Support for Json Schema validation and entity generation
Apache License 2.0
99 stars 9 forks source link

Validation results contain more errors than expected #408

Closed manekovskiy closed 2 weeks ago

manekovskiy commented 2 weeks ago

My goal is to display errors related to document properties with invalid values. The document schema is quite complex, so it is imperative to display as much information as possible about the errors.

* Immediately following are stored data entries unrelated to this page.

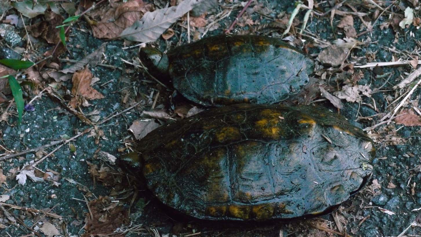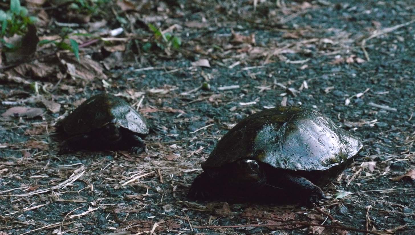 山道を2匹の亀が早朝ウオーキング。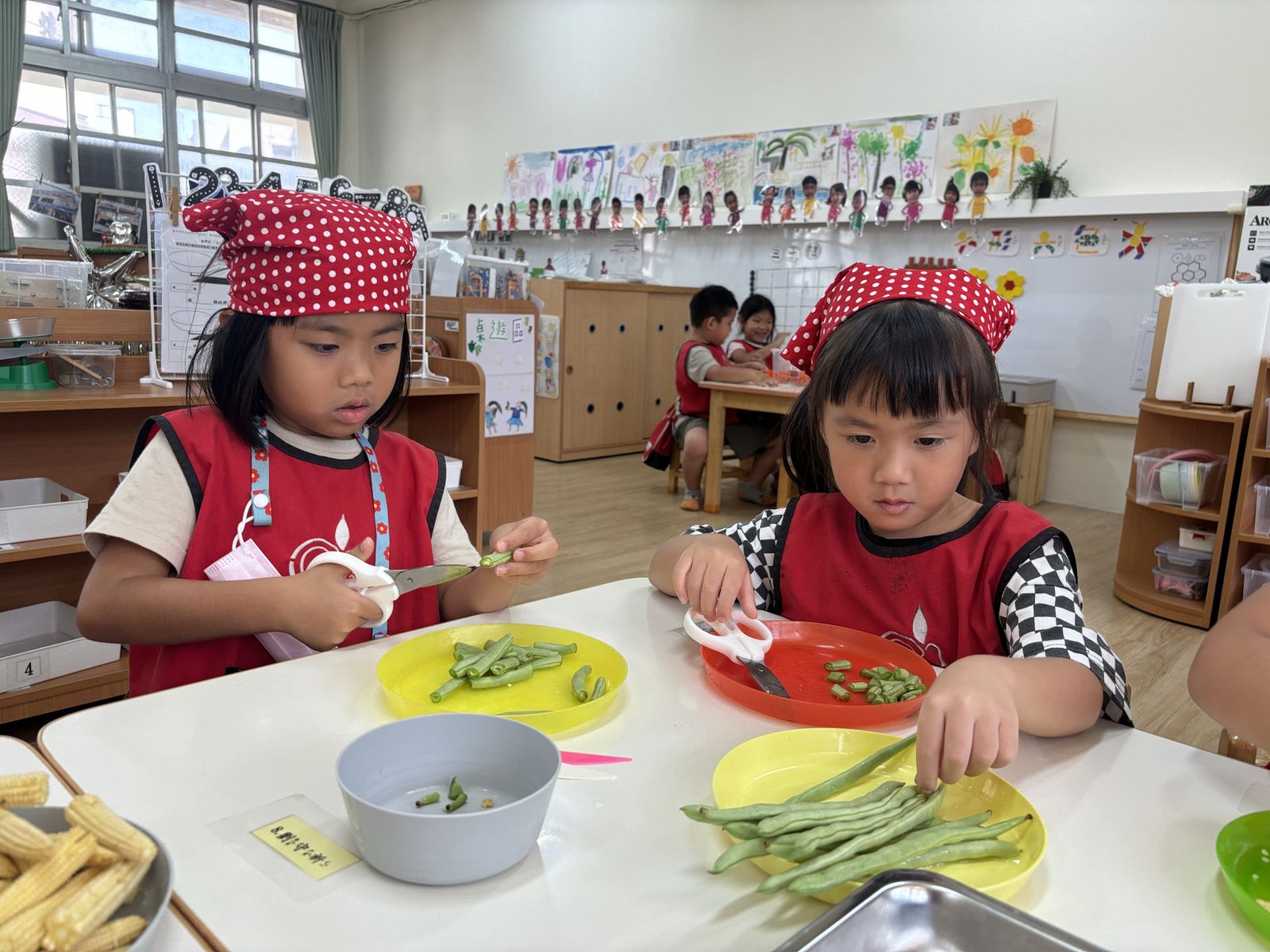 運用食物剪刀,把長長的青蔥變短,加入麵粉、水,變成香噴噴的蔥油餅。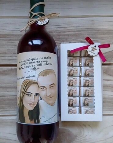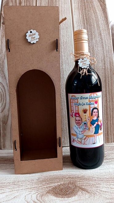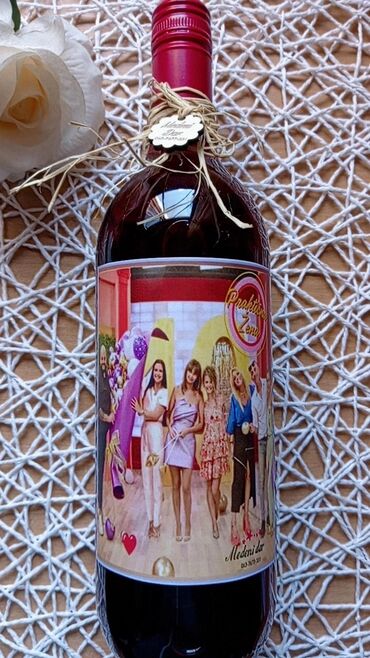 Boca vina sa prilagodljivom etiketom, idealna za personalizovane poklone ili posebne prilike. Etiketa se može dizajnirati sa fotografijama, tekstom ili grafikom po izboru. Vino je pažljivo odabrano da upotpuni estetski doživljaj prilagođenog pakovanja. Ovaj proizvod je savršen izbor za rođendane, godišnjice, proslave ili kao jedinstven korporativni poklon. Mogućnost dodavanja personalizovanih čokoladica u kompletu, koje takođe mogu imati prilagođene omote.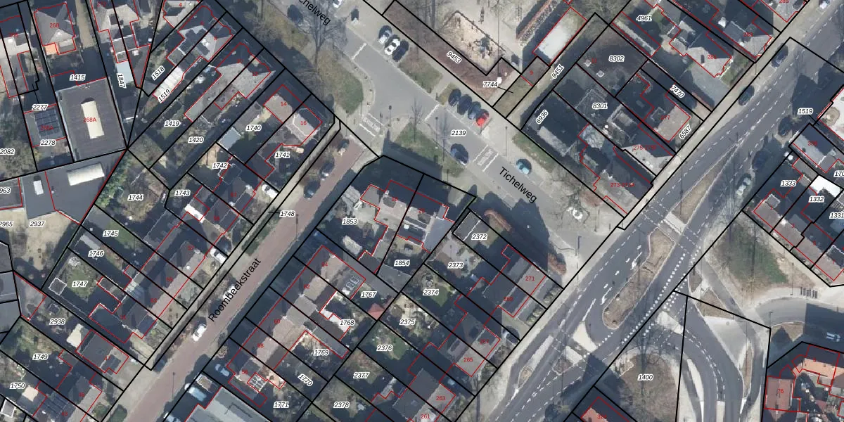 Gebruik de zoekbalk of klik op een perceel voor informatie over de adressen binnen dit perceel.

The issue I’m observing is that the number of errors is higher than expected when the property is configured to allow two or more types.

Schema:

CombinedDocumentSchema.json
{
  "$schema": "https://json-schema.org/draft/2019-09/schema",
  "title": "Combined document schema",
  "type": "object",
  "allOf": [
    {
      "$ref": "./DocumentSchema.json"
    },
    {
      "$ref": "./DocumentExtensionsSchema.json"
    }
  ]
}

DocumentSchema.json
{
  "$schema": "https://json-schema.org/draft/2019-09/schema",
  "title": "Document",
  "type": "object",
  "properties": {
    "size": {
      "type": [ "integer", "string" ]
    }
  }
}

DocumentExtensionsSchema.json
{
  "$schema": "https://json-schema.org/draft/2019-09/schema",
  "title": "Document extensions",
  "type": "object",
  "properties": {
    "extendedSize": {
      "type": [ "integer", "string" ],
      "enum": [ "", 1, 2, 3, "1", "2", "3" ]
    }
  }
}

Validation code:

var documentContent = @"{
    ""size"": null,
    ""extendedSize"": """"
}";
var document = CombinedDocument.Parse(documentContent);

var validationContext = document.Validate(ValidationContext.ValidContext, ValidationLevel.Detailed);
if (!validationContext.IsValid)
{
    Console.WriteLine("Validation failed");
    foreach (var result in validationContext.Results)
    {
        if (!result.Valid)
        {
            Console.WriteLine($"{result.Location}: {result.Message}");
        }
    }
}

Output:

Validation failed
(#/allOf/0/properties/size, DocumentSchema.json#/properties/size, #/size): Validation 6.1.1 type - should have been 'string' but was 'Null'.
(#/allOf/0/properties/size, DocumentSchema.json#/properties/size, #/size): Validation 6.1.1 type - should have been 'number' with zero fractional part but was 'Null'.
(#/allOf, CombinedDocumentSchema.json, #): Validation 10.2.1.1. allOf - failed to validate against the allOf schema.
(#/allOf/1/properties/extendedSize, DocumentExtensionsSchema.json#/properties/extendedSize, #/extendedSize): Validation 6.1.1 type - should have been 'number' with zero fractional part but was 'String'.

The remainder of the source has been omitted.